Well the first issue in figuring out this limit is knowing the reaction time of your defenses. If it takes 5 minutes from warning to armed response then you need to make sure your 'warning' gives a minimum of a 5 minute response time.

Then you need to know the max speed any attack force can come at you. Once you know how fast they can attack, and the speed at which your people/sensors can identify and notify home base of the incoming ships/projectiles, you can calculate how far out these outposts need to be in order to warn in enough time to have a viable response.

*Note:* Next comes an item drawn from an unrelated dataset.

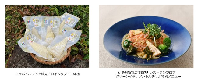 イベントでは、伊勢丹新宿店本館地下1階のフレッシュマーケット/青果でのタケノコの水煮の特別販売と試食提供、また同フロアのキッチンステージにて同じくタケノコの水煮を使った特別メニューを展開する他、本館7階のレストランフロアでは、本取り組みにご賛同いただいたレストラン(全3店舗)でもタケノコの特別メニューが提供されます。「MIRAINOMOTO(R)」プロジェクトに参加した学生が収穫・加工した旬のタケノコを、ご家庭や伊勢丹新宿店のレストランで召し上っていただくことで、食を楽しみながら、地域の課題やフードロスについても知っていただけるイベントです。

Space is big. Very big and when things are moving fast, there is no 'last line' of defense, but a minimum warning distance for a reasonable reaction time. You need sensors/outposts that can 'see' what is out there and where it is headed and identify destinations accurately. If a ship is traveling @ 50-100K miles/hr you need to see it coming a LONG way away. At 100K mph you need to spot the ship 8500 miles away to give a 5 minute warning. a small asteroid would have an internal 'surface area' of 1,446,264,375,000 sq. mi. to 'watch' at that distance. The Earth would have a MUCH larger area to monitor.

So ultimately the 'last line of defense' is knowledge. Knowing where everything is and where it is going within a large sphere around the possible target.

Answer 5

For most practical purposes, the various defense zones would probably collapse into a one light minute zone where the sensors can make accurate observation of the incoming craft, and a one light second zone where your weapons can effectively engage.

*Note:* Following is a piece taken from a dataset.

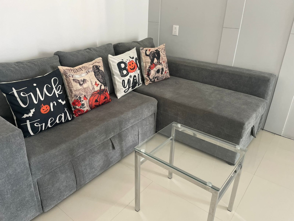 Beautiful condo by the ocean shore, full of natural light and great ventilation. Located in the 7th floor of the building the ocean and mountain views are unbeatable. 5 minutes walking distance from the main restaurants and stores. The building has three pools, a kids pool, an adults only pool and a family pool, gym, one padel court and a pickle ball one, snack-bar, resting areas, beach shore, etc.You will feel at home, as the condo has everything that you might need to enjoy your stay.

This is actually freakishly huge compared to the typical SF movie or TV show where the weapons might as well be muzzle loading cannon due to the short ranges depicted; a massive laser weapon with a one light second range means targets could be effectively engaged at almost the distance from the Earth to the Moon (note a laser that powerful would actually be able to burn deep lines on the Moon itself, since the beam is still dangerous beyond one light second). One light second is a rather arbitrary distance selected because most incoming spacecraft, weapons or even debris isn't going to move very far in the second between lining up on the target and the beam reaching the target. The gunnery officer or AI will also be able to see the effect one second later, and make appropriate corrections or shift to a new target at that time.

Countering with a missile is going to be difficult, consider that it took New Horizon about 9 hours to fly past the Moon after launch, and this is the fastest spacecraft yet built. That is a lot of seconds for the gunnery officer to use when carving incoming spacecraft into finer and finer slivers.

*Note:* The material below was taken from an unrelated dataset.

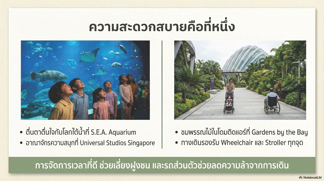 หากความสะดวกสบายคือโจทย์หลักของคุณ ทัวร์สิงคโปร์ คือคำตอบที่ถูกต้องที่สุดค่ะ สิงคโปร์เป็นประเทศที่ขึ้นชื่อเรื่องความสะอาด ความปลอดภัย และการออกแบบเมืองที่เป็น Universal Design คือไม่ว่าจะเป็นรถเข็นเด็ก (Stroller) หรือรถเข็นผู้สูงอายุ (Wheelchair) ก็สามารถเข้าถึงระบบขนส่งสาธารณะและสถานที่ท่องเที่ยวทุกแห่งได้อย่างง่ายดาย

In the Atomic Rockets website, the mechanics of such a Ravening Beam of Death (RBoD) are discussed in the Space Warfare section, a Free Electron Laser (FEL) can generate a beam at x-ray frequencies capable of vaporizing metal, ceramic or carbon fibre in milliseconds at one light second range, but the electron beam accelerator would be one kilometre in diameter. Rocketpunk Manifesto has a multitude of posts devoted to space warfare, and the only counter for a RBoD is to flood the sky with tens of thousands of tiny kinetic energy projectiles, a saturation attack where the number of targets is far more than the beam can effectively destroy before they impact. The name these were given was "Soda Cans of Death" (SCoD) based on the calculated size.

So space warfare isn't a linear exercise. Pickets of long range sensors will be able to see incoming spacecraft from huge distances (the Space Shuttle's main engine could theoretically be detected if the SSME was fired near Neptune, and even the small manoeuvre thrusters could be seen from as far away as the Asteroid belt from Earth), the real limiting distance is based on how fast the weapons or ships travel, since they can be engaged at the speed of light. The only weapon which has no effective counter that I know of would be a missile coming in at relativistic velocity. When you see it, you are seeing its position in the past, so intercepting it will be almost impossible with any known technology.